Still, the exercise, dubbed "Reliant Mermaid," might well have been named "Common Enemy." Security cooperation among Israel, Turkey and the United States clearly illustrated a new power axis in the Middle East and the axiom that "My enemy's enemy is my friend."

Israel, a Jewish state, and Turkey, a secular state with a Muslim majority, signed their first military cooperation agreement in February 1996 and have been forging ties at a rapid pace since. They share a common enemy in Syria, which is sandwiched between the two countries, and both see Iran and Iraq as potential threats.

Jordan signed a peace treaty with Israel in 1994 and sees the bilateral relationship as a card it might need to use one day if hostilities arise with its neighbors Syria and Iraq.

Meanwhile, Turkey, whose 27-year-old application to join what is now the European Union was rejected last month, has thrown its lot in with the United States, which has its own conflicts with Iraq and Iran. Israel is the main U.S. ally in the region.

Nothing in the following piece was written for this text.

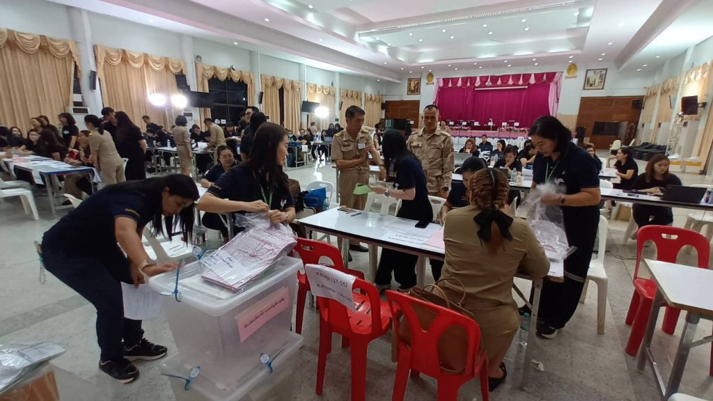 ลำปาง-กกต.ลำปาง ตรวจสอบการนำส่งผลการนับคะแนน อุปกรณ์การเลือกตั้ง จ.ลำปาง พรรคกล้าธรรม และพรรค ปชน.แบ่งคนละครึ่ง

"The maneuvers symbolize the new Middle East, a new balance of power in which Turkey and Israel cooperate and the United States supports this cooperation, despite Arab screams," said Efraim Inbar, director of the Begin-Sadat Center for Strategic Studies at Bar Ilan University in Tel Aviv.

"Turkey is taking care of its interests and has made a decision not to pay attention to [Arab and Iranian] complaints," he added. "Whatever the costs, they have made a clear decision that the benefits of an open relationship with Israel are higher."